As part of our ministry, we do laundry for clients. On a cold night recently, we served 29 people with food, snacks, new-to-them-clothing [needs.streetyouthministry.org], many of whom did laundry. We actually ran out of laundry money and were saying no to a couple folks. And then one of the participants remembered a $20 bill that had been passed to them earlier in the day as a gift. They donated it so we could do the last few loads. We cleaned up well (we’re welcome guests at the laundromat and want to keep it that way) and were leaving.

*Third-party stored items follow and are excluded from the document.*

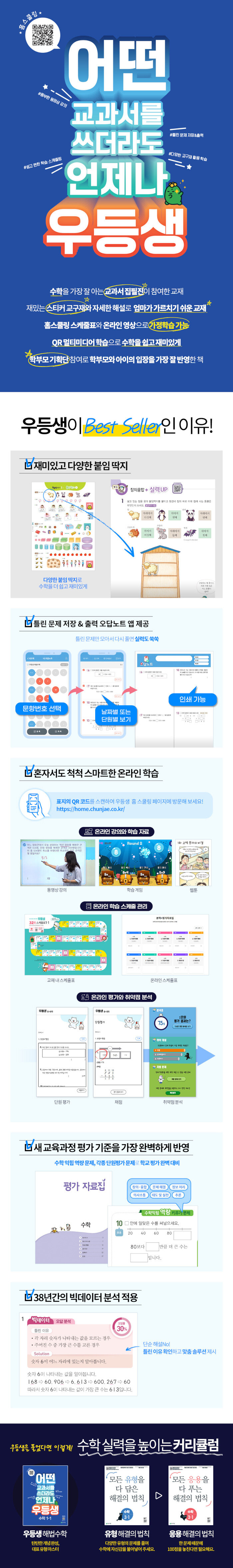 홈스쿨링 학습 우등생 해법수학 현 교육시장에서의 경험과 노하우로 30여년 간의 초등 필수 교재로 자리 잡아온 우등생 해법수학이 <홈스쿨링 우등생 수학>으로 새롭게 태어났어요.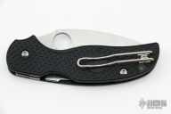 This C123PBK by Spyderco Knives features a satin finished blade with thumb hole. FRN scales, stainless steel liners and tip up (right or left reversible) black stainless steel clip. Includes the original box and papers. Excellent condition.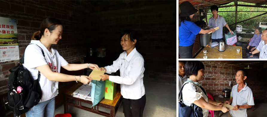 △扶贫小组成员为各自的帮扶对象送上慰问品与慰问金

A client came in after ever with a small handful of clothing, proclaiming “I’m too late.” I decided to do his laundry, too. As we waited, I asked if he needed anything, pointing to the truck with donated clothing in the bed. He looked straight down at the ground and said, “Ummmm… no.” All his face muscles went slack, too. So I asked again and said, “You’re really welcome to anything we have that would help.” He still said, “No.” I told him what I noticed about his body language. He admitted, “It’s hard for me to accept things. I don’t need as much as maybe other people out here.”

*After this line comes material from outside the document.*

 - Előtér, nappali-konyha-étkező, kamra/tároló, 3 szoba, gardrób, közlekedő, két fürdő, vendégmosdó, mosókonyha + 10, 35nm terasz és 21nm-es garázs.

We went inside from the cold, and I asked over the sound of the washing machines, “How can I be praying for you?” He considers himself Catholic, but said, “Praying is hard for me. I have to think so long about what to say.” I said loudly, “Dear God,… Hear us.” And then softly, “Now, we’re praying. Let’s just talk about what you want God to do in your life. That’s it.” He then began to tell about how much he depends on his car and that it’s broken down. He asked that he would get help to fix it himself. He then explained that he’s on the waiting list to get into Job Corps to finish high school and learn welding. He asked that it would go faster. Then he expressed anxieties about the type of people there: “I’m afraid they drink and use drugs, and the temptation might be too much for me.” So we prayed for good and clean friends there and for strength and self-control. Then he asked, “I want God to keep my father, step-mom and younger siblings safe at home.” He expressed a disconnection from them and an inability to share the truth with them. That led to an expression of guilt from leaving them and shame over the things he’s done on the streets. He’s not ready to go back, but he profoundly misses them and knows they miss him. We prayed for reconnection with his family in a safe way that didn’t necessarily mean quitting his quest for what his life it to become but rather meant connecting with their love and being able to give love. Then he prayed, “I want my mother to someday learn what being a mother should be.” We prayed for reconciliation and healing of wounds from this relationship.
Eventually his clothes were clean and dried and it was time for me to go home.
As I drove away, I thought, “Pretty good washing!” and prayed, “Thank you, Lord, for being washed clean, for the privilege of helping other to wash, and for the opportunity to serve.”